Now to my recommendations

-You don't want to share the story with friends of family no matter how urgently you want to talk about what happened. This is because, once liberated, you won't be able to put the story together in a coherent way, leading a lot of people to think you're crazy or something. If you're lucky enough to be in a country with therapists, you want to see a trained therapist who will know how to deal with your incoherent speech and will guide you until you can put together a more coherent story, before you let go of the story. I wasn't lucky enough to see a therapist, but I know people who got a lot of help from therapists.

-Sexual urges are common during post-traumatic stress disorder. You may want to stay out of dating for a while, and find ways (there are lots of ways) to control your impulses.

-You want to accept that for the first year or so you'll have trouble sticking to a single job. There may be frequent resignations or you may even get fired. Try to start with some simple job like working as a cashier or at a gas station even if you're qualified for better, and after about a year, you'll go back to normal.
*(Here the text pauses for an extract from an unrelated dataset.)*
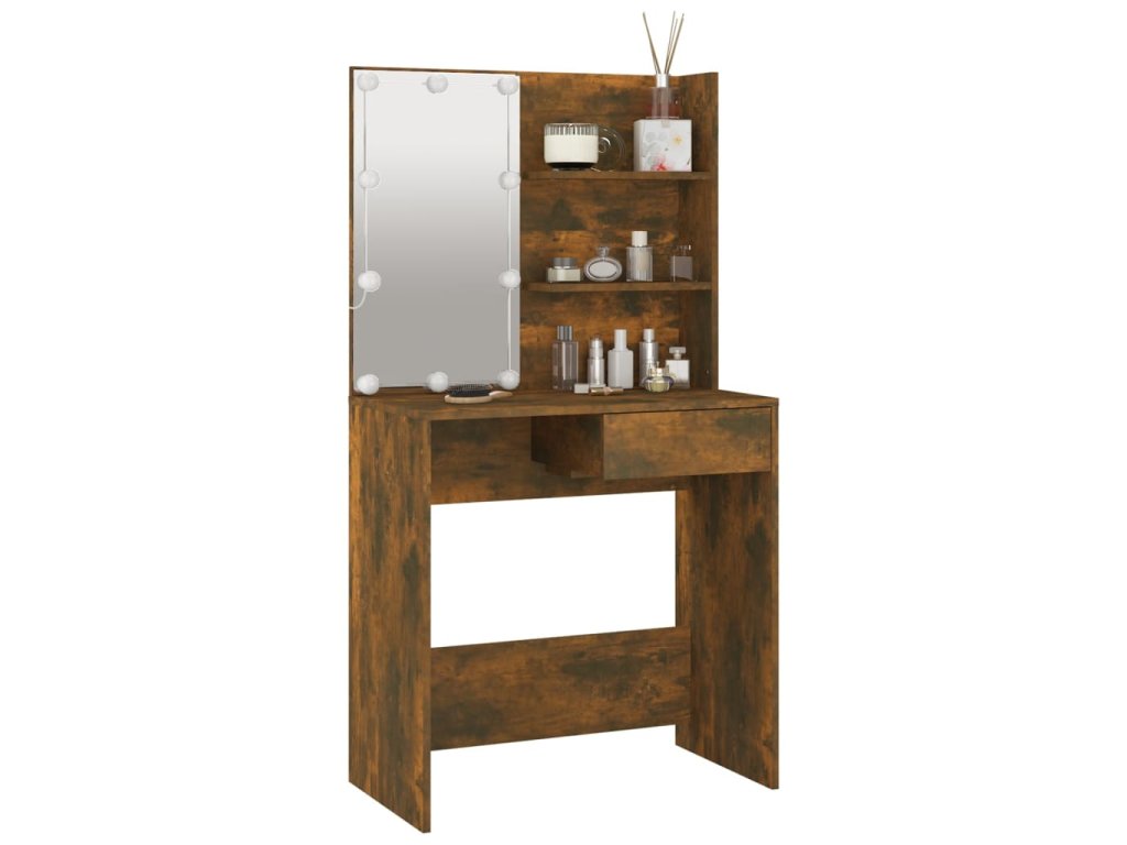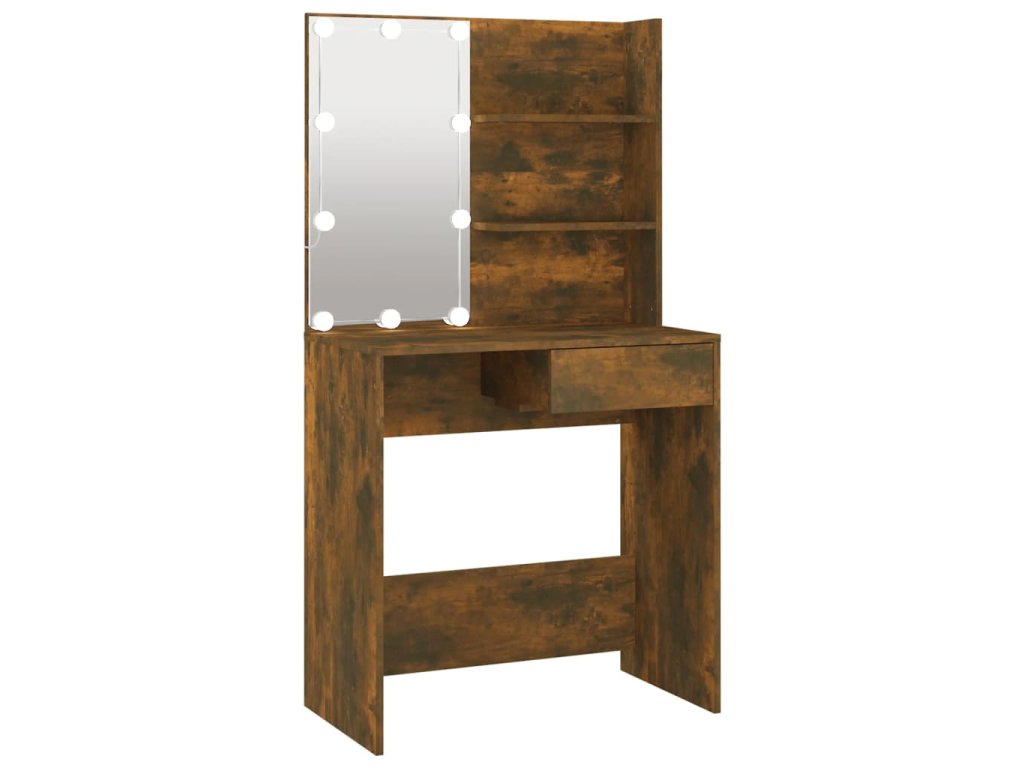 - LED svetlo: Kozmetický stolík má aj LED žiarovky s USB, na ktorých sa dajú jednoducho prepínať režimy z teplej farby svetla až po studenú bielu. Vhodné LED žiarovky okolo zrkadla osvetlia aj vašu krásu.

-If you have trouble eating or sleeping, you want to consult with a psychiatrist. You want to take the correct amount of medication and check with a couple of psychiatrists, because some over-medicate and others under-medicate.

-One of the main symptoms of post-traumatic stress disorder that I had was being under the impression of constantly being at the center of attention. You want to avoid crowded places, night clubs, crowded pubs or other crowded venues because you will be under the impression that everyone's looking at you as if you were some kind of Brad Pitt or Angelina Jolie or something. Try to stay in quiet places for as long as you can.

-Finally, in both 2005 and 2015 it took me about 3 years to become symptom-free and walk like a free man. If you take your medication, avoid exposing yourself to crowded places, pick up an activity that frees your mind and that gives you self-worth, like reading, writing; painting, drawing, building, coding, you name it, you should be fine, and you'll have skills that can lead you to the next phase in your life.